Wouldn’t it be terrific to have drugs that fully control all the symptoms of Parkinson disease (PD), prevent the complications of currently available treatments, and -- better yet -- slow down disease progression? That’s what patients who suffer from this chronic disabling disorder, their physicians, and the scientific community hope for. Dr. Mary Maral Mouradian, William Dow Lovett Professor of Neurology and Director of the Center for Neurodegenerative and Neuroimmunologic Diseases at Rutgers Biomedical Health Sciences – Robert Wood Johnson Medical School, studies the basic problems that underlie the neurodegeneration in PD and its treatment complications, to identify strategies to interfere with these processes, and develop new drugs that have the potential to impact patients’ quality of life.

Editor-in-Chief of a prestigious scientific journal Neurotherapeutics who has served on a number of national and international research granting agencies, Dr. Mouradian leads a multidisciplinary team of molecular biologists, chemists, and neurologists in identifying new strategies to target the pathologic protein that misfolds and aggregates in the brains of patients with PD with the goal to slow the course of the disease and prevent symptom progression. Her team has also identified a drug that can amend the complications of existing treatments. Currently, Dr. Mouradian and her team continue to investigate various therapeutic approaches and compounds that are at different stages of development, ranging from testing them at the laboratory bench in cells, to validating their efficacy in animal models of the disease, and at least one compound is ready for a clinical trial.

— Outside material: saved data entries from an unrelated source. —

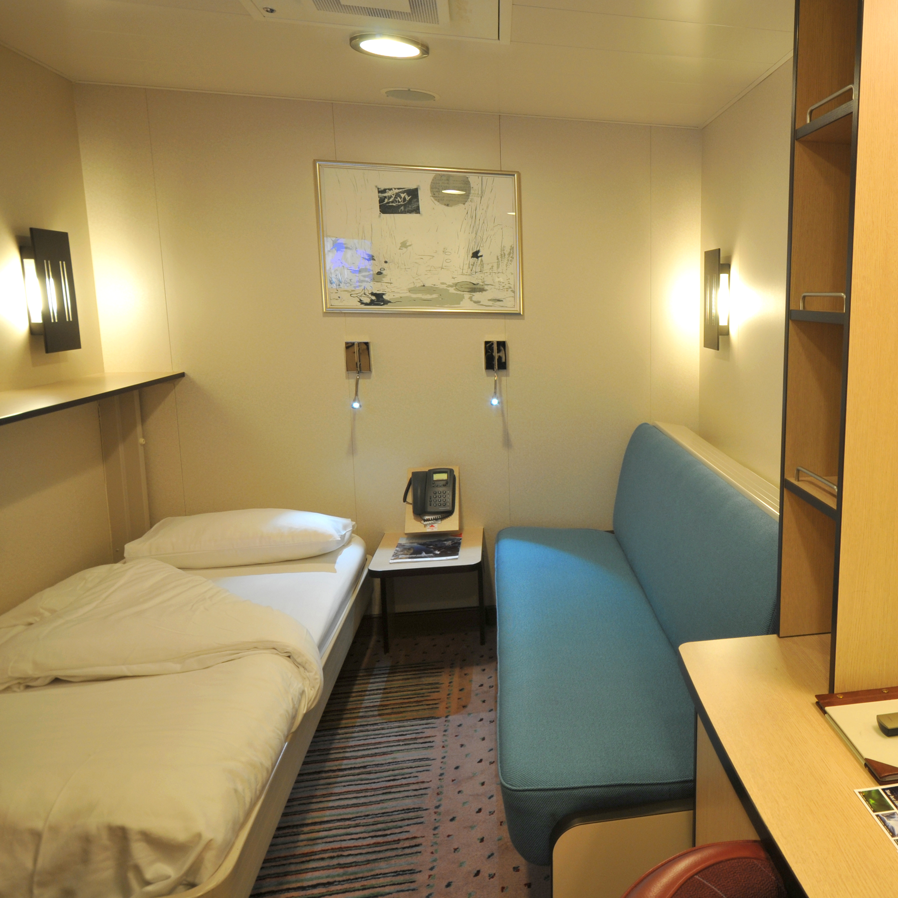 Our cosy Polar Inside cabins can be found on all decks. All cabins include bathrooms with shower/WC. Relax in these comfortable, standard inside cabins with separate beds where one can be turned into a sofa. This cabin can fit up to four people.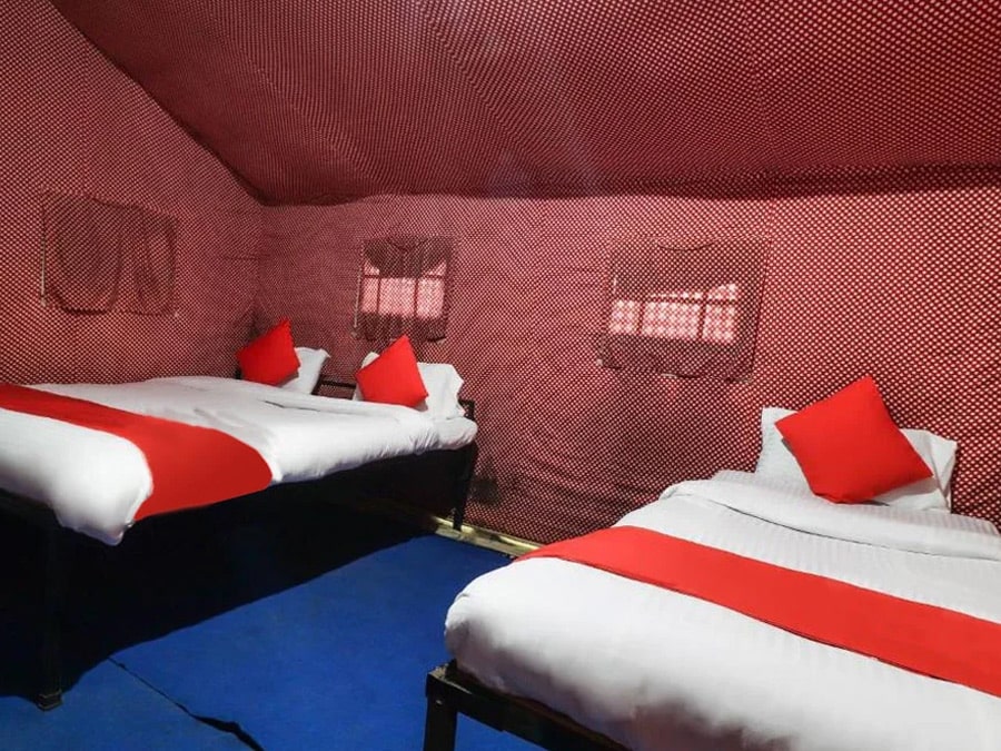 The Jayshee Camp – Kanatal is located 12 kilometers from Kanatal’s center and provides a unique camping experience in the Himalayas. The resort consists of 11 Swiss Luxury Camps, 11 Bamboo Cottages, and 6 rooms. All camps have attached washrooms with running water and sufficient bathroom facilities, as well as 24-hour power backup.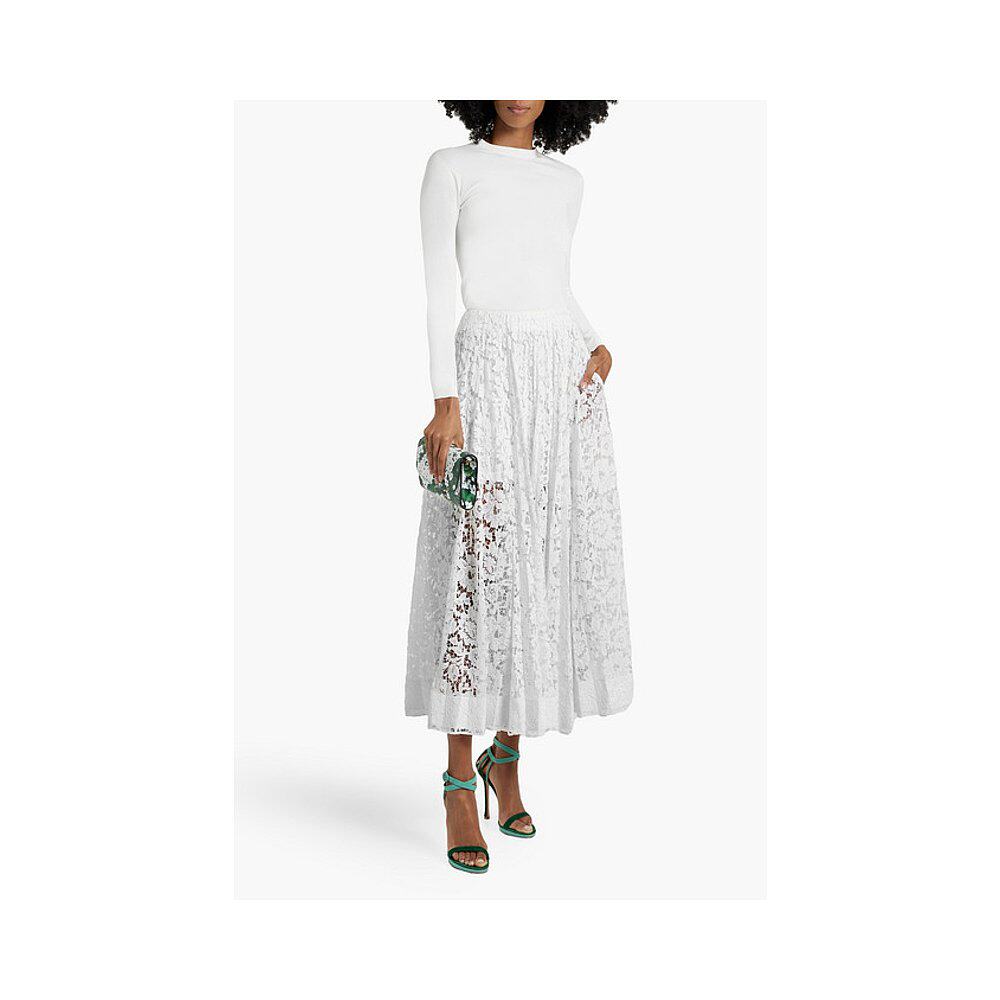 半身裙 香港直邮Valentino 褶裥凸纹蕾丝长款 女士 B0RA5 华伦天奴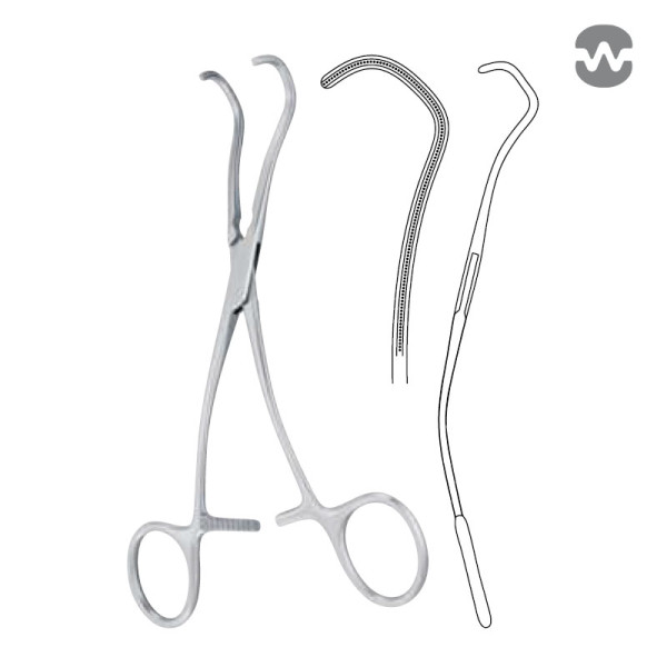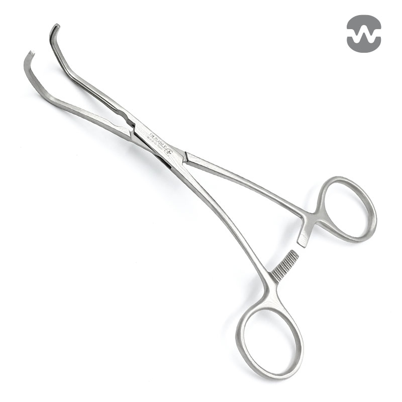 Зажим атравматический ДеБейки-Кули (DeBakey-Cooley), двуугловой, изогнутые рукоятки, бранши 60 мм, 160 мм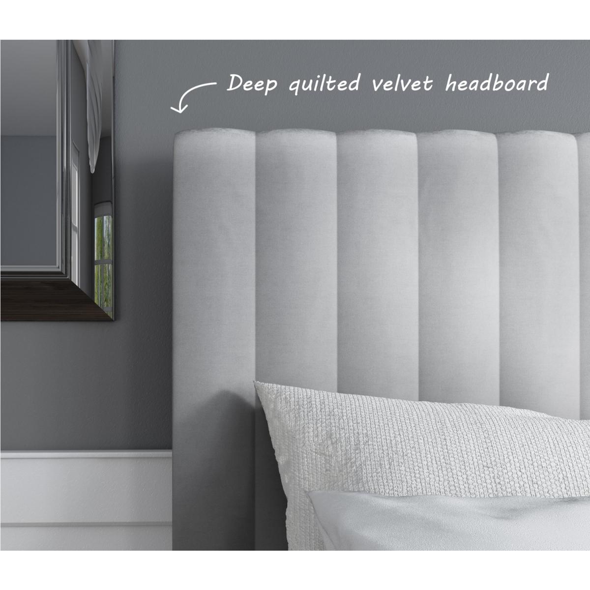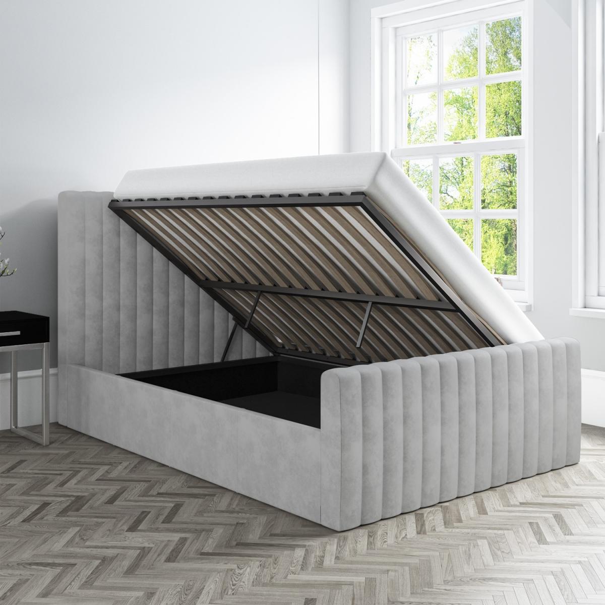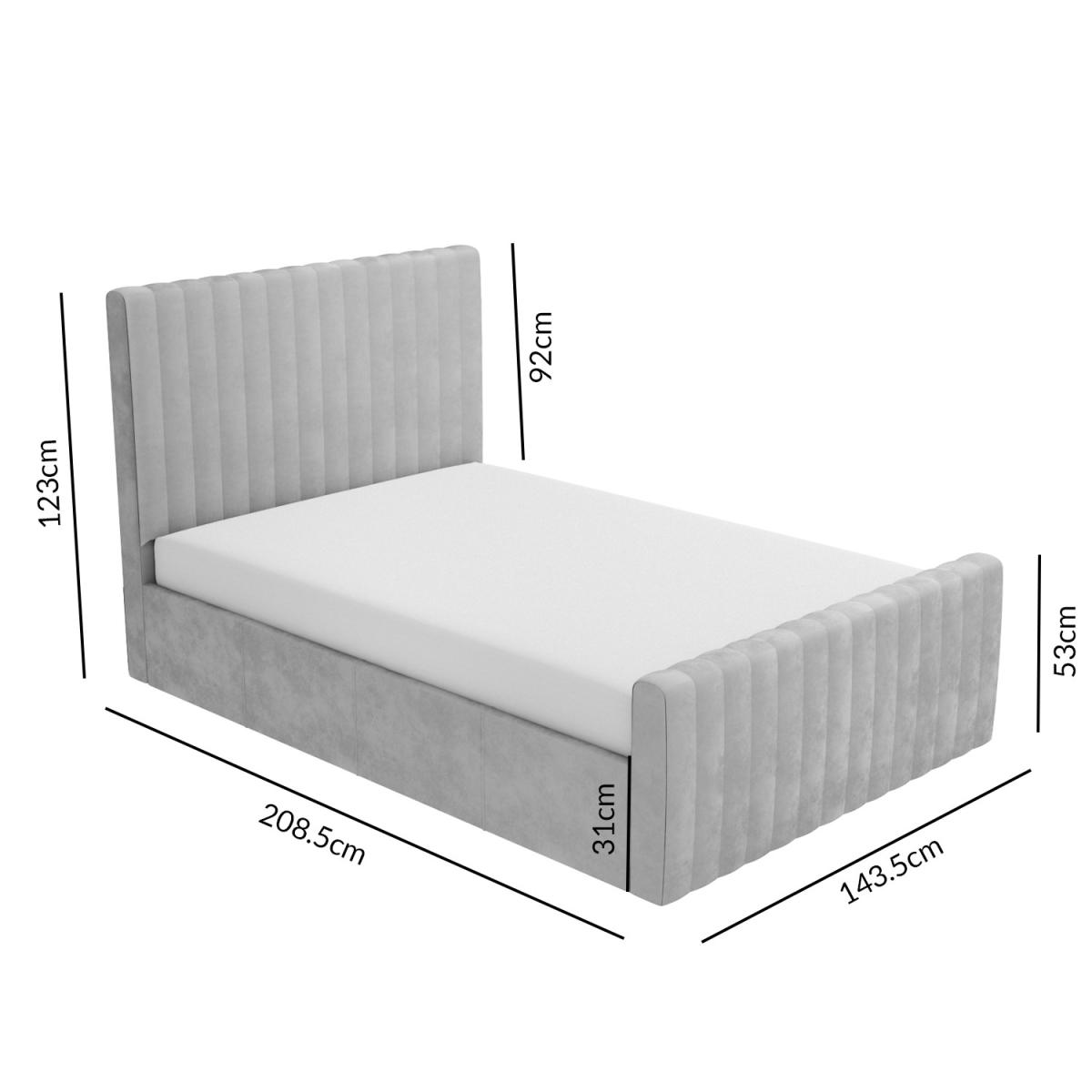 Features we love Easy access side opening storage space with gas lift mechanism. The storage frame can be set up to open from either the left or right hand side to suit your room layout Plenty of storage space the entire area beneath the mattress can be used. Its fabric base helps to protect your stored items from dust Contemporary vertical stitch detailing on the headboard and footboard creates an instant focal point in the bedroom. Upholstered in high-quality soft-touch velvet brings an elegant tone to your bedroom Sprung slatted bed base gives comfortable and durable mattress support. Grey finish makes it easy to coordinate with other bedroom furnishings and decor styles. The tall padded headboard is ideal for comfortably propping yourself up All about me. The luxuriously padded headboard sumptuous smooth velvet and under-bed storage makes the Khloe as stylish as it is practical. The hidden storage area is ideal for keeping things like duvets seasonal clothing and anything you like out of the way but close to hand. It features a handy gas-lift mechanism for quick and effortless access to your stored items. Plus it opens from the side rather than the end which make it easier to access all of your stored items. You can even set the storage frame to open on either the left or right-hand side giving you that extra freedom when it comes to your bedroom layout. Upholstered in a grey velvet fabric with vertical stitch detailing this stylish double bed exudes a timeless sophistication that's guaranteed to make an impact in your bedroom. It has a durable frame made from metal and wood with a sprung slatted bed base for comfortable and durable mattress support. The tall padded headboard is great for propping yourself up in bed to snuggle down with a good book or in front of the TV. It also features a fabric base to keep your stored items clean and dust-free. The bed fits a standard UK double size (4ft6) mattress. A mattress is not included so you'll be able to pick the perfect one for you. Need to know. Size. Standard UK Double (4ft6) Dimensions. W143.5 x D208.5 x H123 cm Storage Dimensions. W138.5 x D193 x H22.5 cm Material. Metal and; wood frame Finish. Upholstered grey velvet Base. Sprung slatted Maximum weight limit. 300kg More info Full ottoman base for extra and discreet bedroom storage Gas lift mechanism gives easy access to storage space. The storage frame can be fitted to open on either the left or right-hand side. Durable wood and metal frame with an upholstered grey velvet finish. Sprung splatted bed base for comfortable and durable mattress support. The fabric base helps protect your items from getting dusty. A mattress is not included with this bed. Fits a standard UK double size mattress (4ft6)Also available as a king size.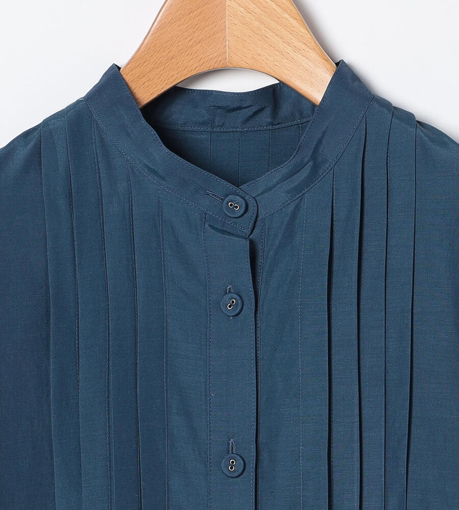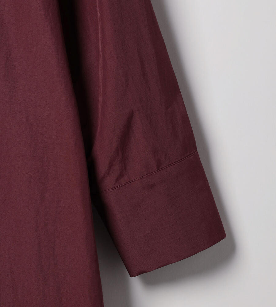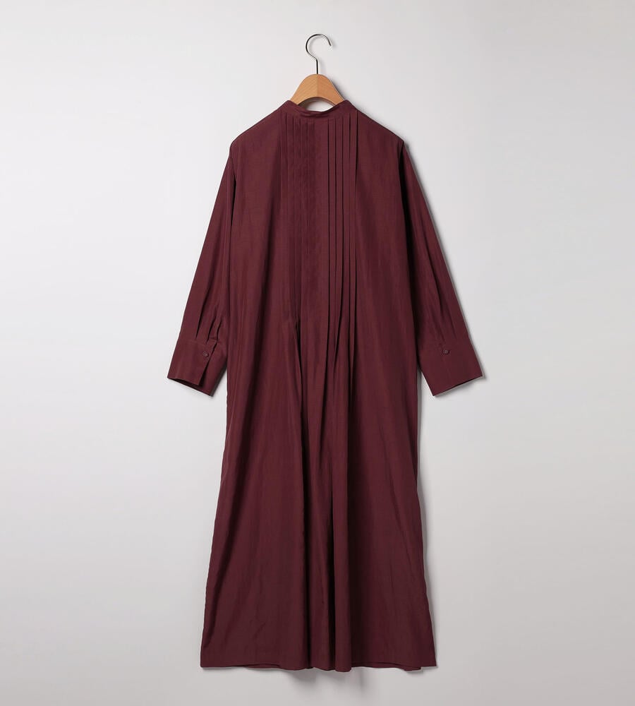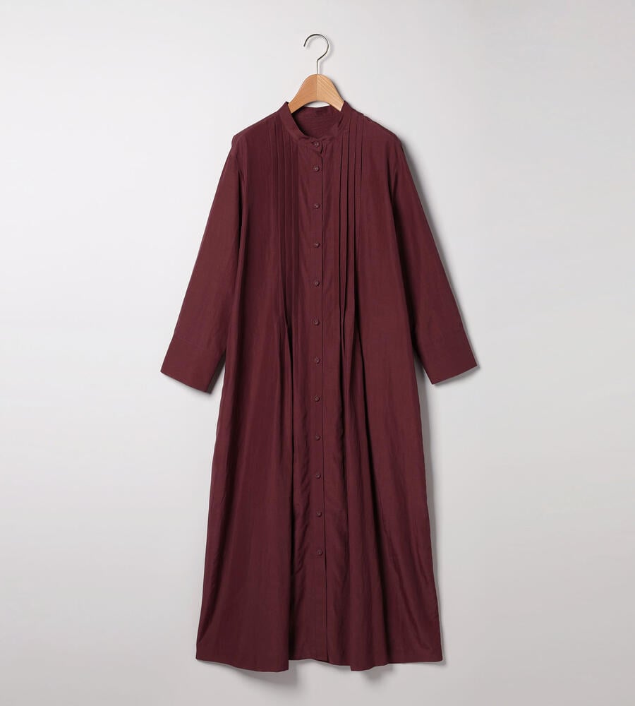 膝が隠れる安心着丈のシャツワンピースです。首まわりのすっきりとするバンドカラーで、袖は軽快な7分丈に設定。締め付けのないゆったりシルエットも、前後の規則正しいタッキングでメリハリのある仕上がりに。ほどよいデザイン性で、シンプルに着こなしても存在感を発揮してくれます。首もとにお気に入りのストールを巻くのもおすすめです。

Dr. Mouradian and her team are tackling two major problems that need therapeutic attention in PD:

• Developing Disease Modifying, Neuroprotective Treatments: Disease modifying therapies that slow down the progression of PD remain unavailable despite many hypotheses and large-scale clinical trials, often because proposed therapeutic targets are not critical for disease development or progression. However, knowledge gained in recent years about the genetic underpinnings of PD and the molecular pathways leading to neurodegeneration has provided new therapeutic targets. In particular, the key pathogenic protein in PD is alpha-synuclein, which aggregates abnormally and is associated with a neuroinflammatory response in the brain. To this end, Dr. Mouradian and her team are pursuing new approaches to target alpha-synuclein with the goal to develop disease modifying interventions that alter the course of neurodegeneration, and translate knowledge to novel therapeutic approaches.
• Ameliorating Complications of Existing Treatments: Currently available therapies for PD are associated with adverse effects that increase patient discomfort and interfere with daily functioning. One such common side effect is the development of involuntary movements known as L-dopa induced dyskinesia (LID). Although considered the gold standard treatment of PD, L-dopa is far from an ideal drug, and the medical management of these involuntary movements continues to be suboptimal. Dr. Mouradian and her team have recently found a drug to suppress LID and are planning to advance this finding to the clinic.